Thursday, January 16, 2014

My 2010 joke became all too serious in 2013

Back in 2010, I wrote a biometric post that included source material derived from the Wikileaks materials. After warning U.S. government employees that they might have to stop reading the post, I proceeded to say the following:

The feed linked to a Zeenews article that quoted from a Wikileaks cable marked as confidential (and available from the Guardian, which has not yet been classified as a terrorist organization).

Ha ha ha.

Fast forward to November 2013:

A senior Conservative politician has intensified pressure for the Guardian newspaper to be prosecuted over its role in disclosing secrets about Britain’s spying capabilities.

Dr Liam Fox has written to Alison Saunders, the Director of Public Prosecutions (DPP), urging her to set out whether the newspaper breached counter-terrorism laws by publishing secrets which were stolen by the former US spy contractor Edward Snowden.

The former defence secretary’s letter asks the DPP how a prosecution against the Guardian could be “initiated”, although Dr Fox has not yet indicated whether he would be prepared to trigger such action himself.
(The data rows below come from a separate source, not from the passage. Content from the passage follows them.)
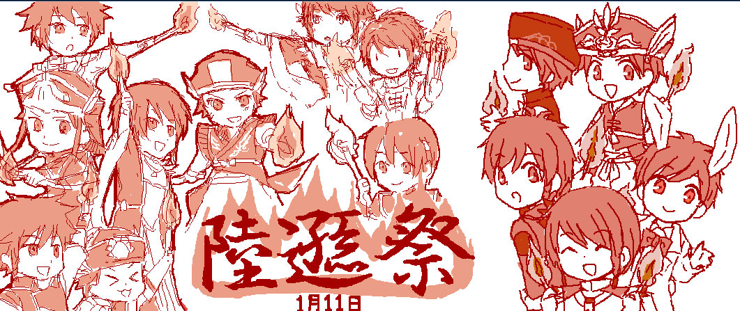 まずは手始めに表紙的なイメージで陸遜祭をタイトルにわらわらと陸遜描きまくろう!ということで、みっちりくそん!
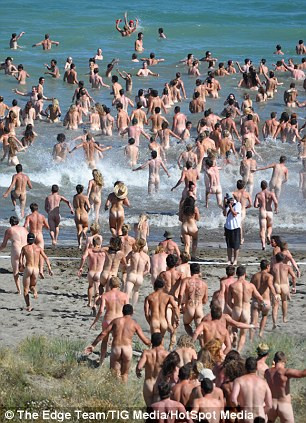 Theo Dailymail hôm 7/1, 745 người khỏa thân bơi lội ở bãi biển Gisborne, đông bắc New Zealand để lập kỉ lục thế giới Guinness.
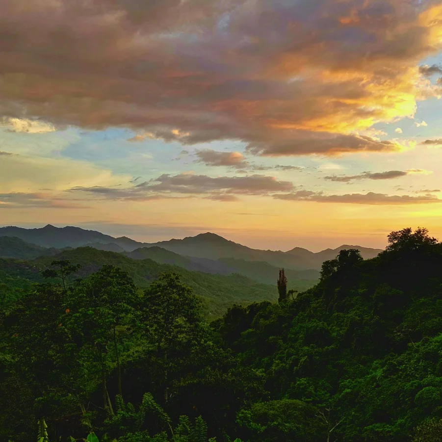 Wir wandern durch üppig-grüne Vegetation mit Farnen und Baumriesen mit Blick hinunter zum Karibischen Meer. → Wz 4 Std.

This is a very odd situation. As I've already noted, Senator Dianne Feinstein, who believes that Edward Snowden is guilty of treason, was relying on the information leaked by Snowden to criticize the NSA for monitoring Angela Merkel and others. This is called having your cake and eating it too; without Snowden's leaks, Feinstein - chair of the Senate Intelligence Committee - would not have known what her own government was doing.

Wait; it gets better.

Yonatan Zunger and Andreas Schou have shared a Bruce Schneier post in which he was telling a few people about what the NSA was doing.
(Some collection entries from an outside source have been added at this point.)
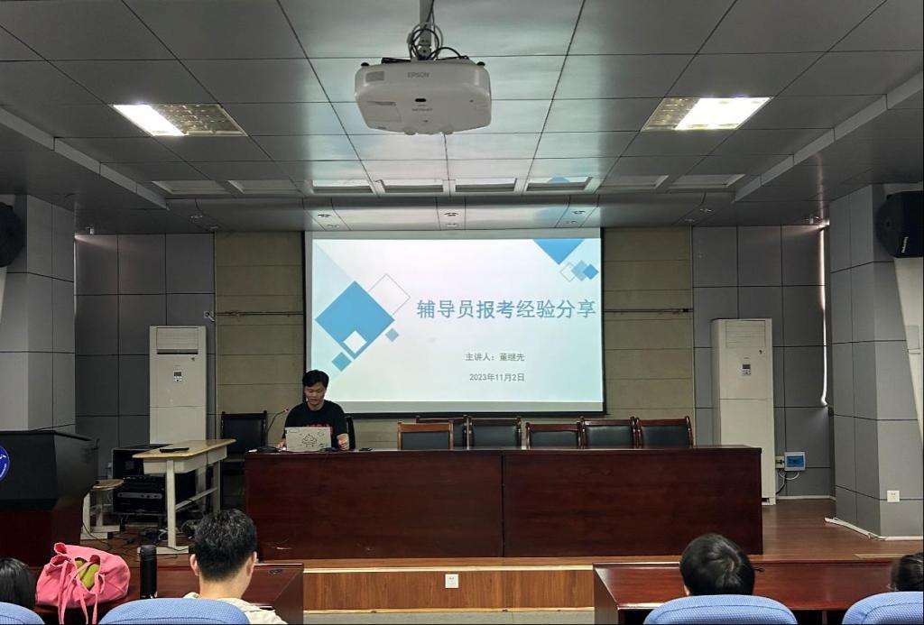为了使学生对辅导员这一职位有进一步的认识,帮助学生了解辅导员报考的相关情况。11月2日,pp电子游戏官网于J15-219举办了主题为“高校辅导员报考经验分享”的讲座,本次讲座由团委辅导员老师董继先主讲,部分研究生参加讲座。
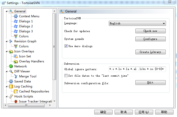 比如刚建立的版本库不会对.so、.a文件进行归档,需要用户设置才生效,比如要将文件名后缀为so的文件纳入版本管理,则做如下操作,进入文件夹->单击鼠标右键 -> TortoiseSVN -> General -> Subversion -> Global ignore pattern -> 删去”*.so.[0-9]*”->确定。
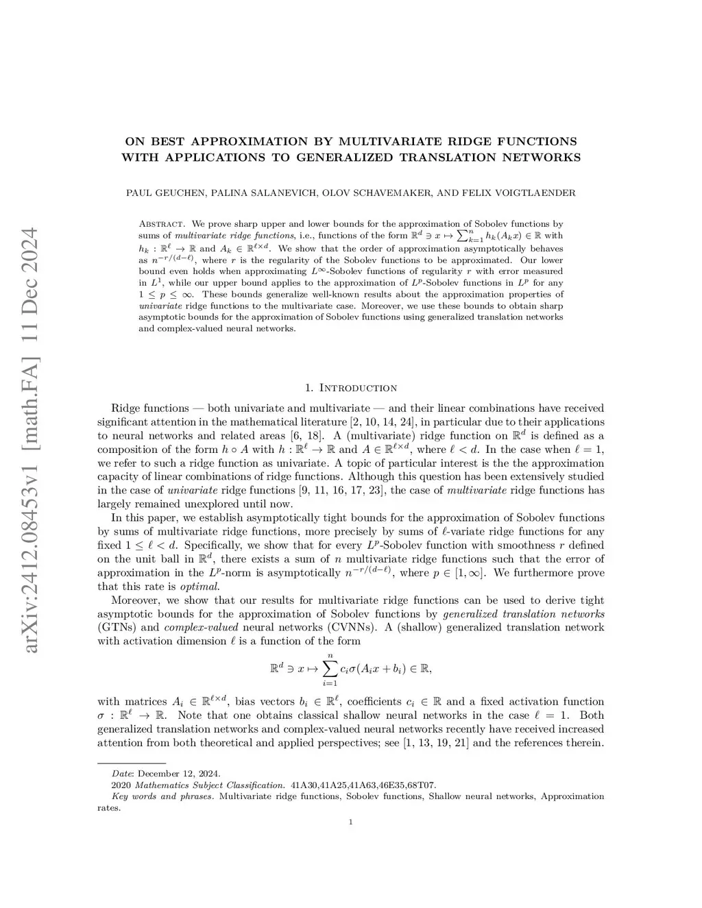 In this paper, we prove sharp upper and lower bounds for the approximation of Sobolev functions by sums of multivariate ridge functions, i.e., for approximation by functions of the form with and . We show that the order of approximation asymptotically behaves as , where is the regularity (order of differentiability) of the Sobolev functions to be approximated. Our lower bound even holds when approximating -Sobolev functions of regularity with error measured in , while our upper bound applies to the approximation of -Sobolev functions in for any . These bounds generalize well-known results regarding the approximation properties of univariate ridge functions to the multivariate case. We use our results to obtain sharp asymptotic bounds for the approximation of Sobolev functions using generalized translation networks and complex-valued neural networks.

The people were Members of Congress.

Wait; it gets better.

Surreal part of setting up this meeting: I suggested that we hold this meeting in a SCIF, because they wanted me to talk about top secret documents that had not been made public. The problem is that I, as someone without a clearance, would not be allowed into the SCIF. So we had to have the meeting in a regular room.

I hope they didn't discuss Chinese gait recognition advances in that regular room.